В которой Митя встречает двух старых знакомых

– А-а-а!

Крик нарастал, набирал силу и обрывался с жалобным всхлипом в конце. Снова и снова. Тяжелая дверь не могла его полностью приглушить, и Дмитрий Самарин дергался, то прислоняясь к створке, то утыкаясь лбом в стену рядом. Узор из трещин на штукатурке за несколько часов был изучен им досконально.

Невыносимо.

Длительное ожидание мучительно само по себе. А когда ты рядом с непостижимым и малопонятным, но при этом совершенно бесполезен – нестерпимо вдвойне.

– А-а-а!

Крик раздался опять, и вслед за ним послышался уставший, срывающийся плач:

– Мамочка, я больше не могу!

– Можешь, милая, можешь. Все хорошо. Попей воды. Осталось совсем немного.

– Пожалуй, стоит дать немного хлороформа. Марфа Семеновна, приготовьте.

– А-а-а!

Митя стукнул кулаком по стене, словно пытаясь разделить боль, которая буквально сочилась из-за двери.

Ужасно захотелось курить. Курить? Что за странное желание? Никогда ведь не увлекался. Но почему-то сейчас вспомнился один из подчиненных, Семен Горбунов, попыхивающий трубкой. В трудные моменты он всегда доставал табак, и кажется, это несложное действие помогало ему разобраться с насущными проблемами.

Митя сглотнул, отогнав глупую мысль. Дверь приоткрылась, и в проем боком протиснулась насупленная горничная, держа в руках таз. Вода в нем была красная, в ней плавали какие-то тряпки. Служанка поймала встревоженный Митин взгляд и отрицательно покачала головой. Потом закрыла створку ногой, перехватила таз поудобнее и ушла вниз.

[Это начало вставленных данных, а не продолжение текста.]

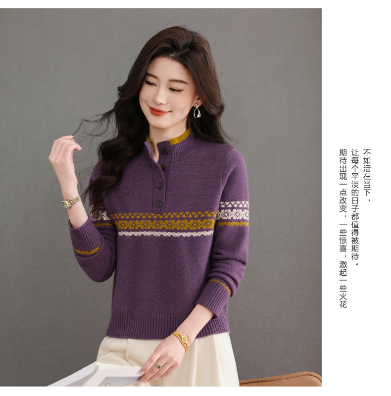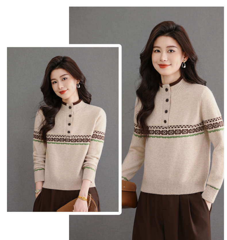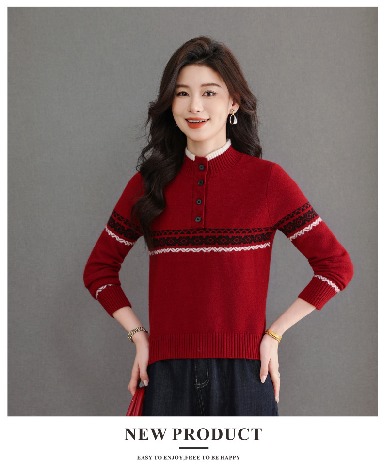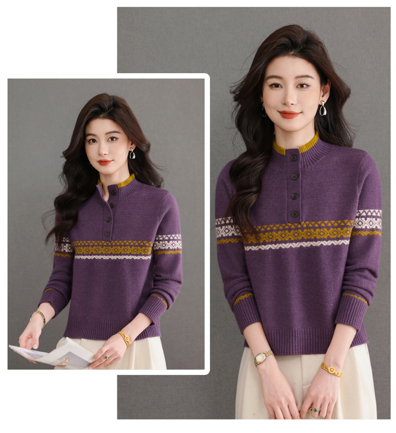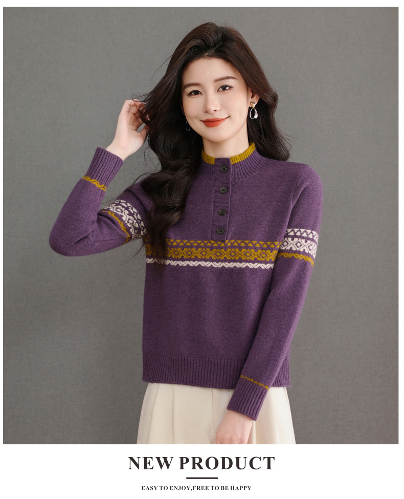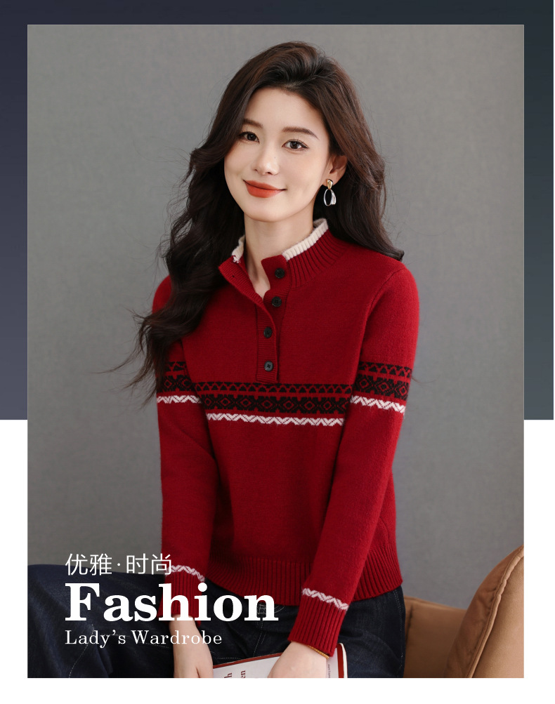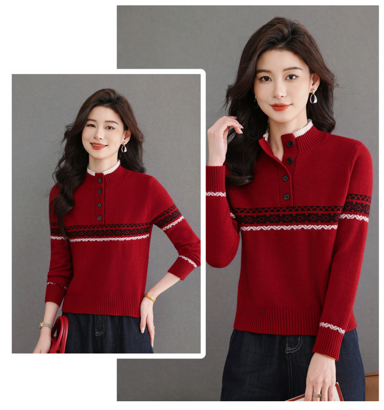 CC秋冬新款半高领多纽扣针织衫女保暖撞色条纹毛衣洋气百搭打底衫

Дмитрий снова уткнулся лбом в стену.

Невыносимо.

– Пойдем-ка.

Хозяин дома Николай Сергеевич Загорский подошел неслышно, потянул за рукав, и Митя подчинился. Позволил довести себя до кабинета и усадить в кресло, в котором и очнулся со стаканом в руке. Загорский-старший налил себе тоже и удобно устроился за столом. В комнате было сумрачно и тихо, никаких криков сюда не доносилось. Лишь тикали бронзовые часы в виде орла на каминной полке.

Митя механически отхлебнул. Медовое и тягучее согрело горло и мягко скатилось вниз, разливаясь внутри приятным теплом.

– Хорош, а? – Николай Сергеевич покрутил бокал, рассматривая маслянистые подтеки на стенках. – Clos du Griffier[1], тысяча восемьсот двадцать четвертого года. Почти столетний. Берег для особого случая.

Митя стиснул стакан в руке.

– Все будет в порядке, слышишь? – продолжал Загорский. – Не изводи себя, ты сейчас ничем не поможешь. Тут только ждать. Хотя, что я… Сам так же под дверью стоял и маялся, когда Анечка… Восемь часов, м-да. Ты пей. В следующий раз будет легче.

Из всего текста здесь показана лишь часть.